Thanks for your input Rob. I probably should split the hive.....I just don't have another top bar sitting around and splitting to a Lang would really be a pain.
Aloha,
Jim
ps
Oh Rob, what would you think about a screen bottom for the Golden Mean?


----------



## robherc (Mar 17, 2012)

99 times out of 100, I'll vote "NO" on SBBs...the only time I'd really consider one to be more asset than liability is if you're installing it above a solid bottom, or solid tray, to catch SHB and varroa in. ... of course, that's my opinion, and I know there are plentyy of beeks (probably some commercial guys, even) who'll entirely disagree.

Also, if you're interested in a BYOH (Build-Your-Own-Hive) project, I'm working on publishing designs for my latest generation, fully Lang compatible, hybrid TBH bars, hive bodies, and Bee Vacs (with nucs and Lang/TBH switchover boxes coming soon) at http://www.robherc.com/bees/Projects/MarkIII/index.html
The plans are free for anyone to use/modify at will, and feel free to PM me if you want more info on them/have suggestions for improvements. Or, you can make a longer Golden Mean hive, so that you don't have TBH boxes with different sized top bars in your apiary.


----------



## shannonswyatt (May 7, 2012)

Rob, I checked out the site. Nice job on the bars. I may try to make some like that. 

I noticed you are using plywood on your hive body. Are you using some special plywood? Wondering how the life of the wood is.


----------



## robherc (Mar 17, 2012)

The plywood is "11/32 category BC sanded" from Lowes.
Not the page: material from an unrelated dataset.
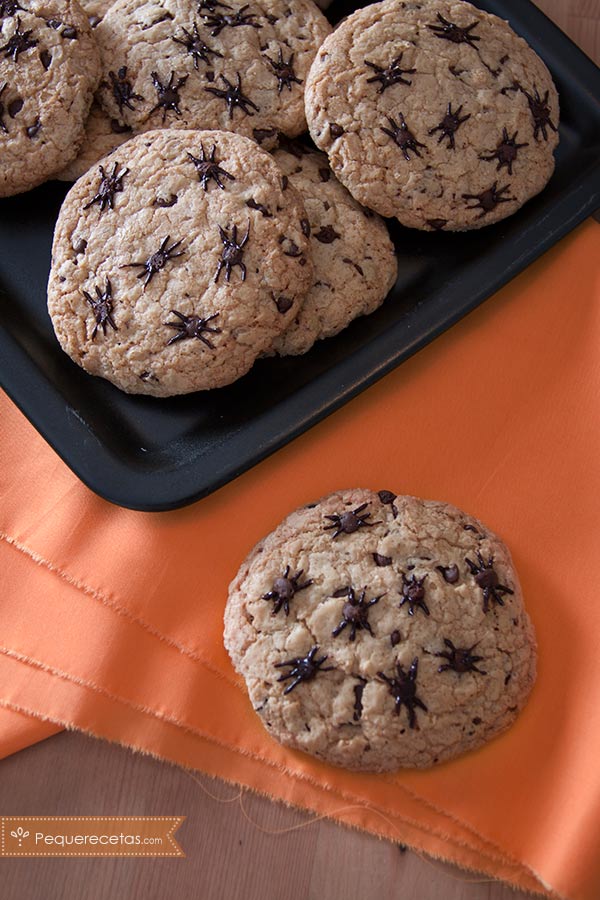 Unas cookies de chocolate se transforman en unas aterradoras galletas llenas de araña con un pequeño truquillo, os dejamos la receta aquí: galletas de araña

I don't have any boxes that are over 3yrs old yet, but I do have a couple of boxes that are about 2 months shy of the 3 year mark, so far they've held up beautifully (those two were painted on the outside, but I have 5 2yr old boxes that are unpainted & in good condition too). I would NOT, however, recommend using ply for the lids...I've tried it & even when painted, it's nearly impossible to keep it from warping & ruining the bee space above the bars 
My most recent lids have been made from 3/4" thickness slats that I cut from 2x4 stock, then ran over the router table to make "tongue in groove" joints...joined 'em together like hardwood flooring...works well, but requires a lot of finish sanding, and quite a bit of effort. (so I'm still considering other options there)


----------



## shannonswyatt (May 7, 2012)

OK, so you are running your top like the top of a Lang with bee space about the bars. I was thinking you put something over top of the bars (no bee space) and then used an outer cover to close it up.


----------



## robherc (Mar 17, 2012)

yes, bee space up top, and a 3-4" wide, by 3/8" high top entrance notched into the top of the front wall...bees enter that notch, right up against the underside of the lid. It serves 2 purposes for me:
1) It allows the bees to fan out the very hottest of the hot air from the hive simply by fanning it over the top bars & out the entrance
2) It allows the bees to enter the hive over the bars, crawl directly to whichever bar they're heading for, then climb down on that comb directly, without interfering with other bees working on other tasks down inside, where the combs all are.


----------



## Dirtslinger2 (Dec 9, 2007)

My first tb was modeled after a Golden Mean. Way too small and we have a short season. It's almost like a swarm machine. Not good for a new beekeeper in my opinion.


----------



## Merlinspop (Nov 4, 2010)

PatBeek said:


> .
> So what's the huge downside to a swarming hive, unless you are a big honey producer/pollinator?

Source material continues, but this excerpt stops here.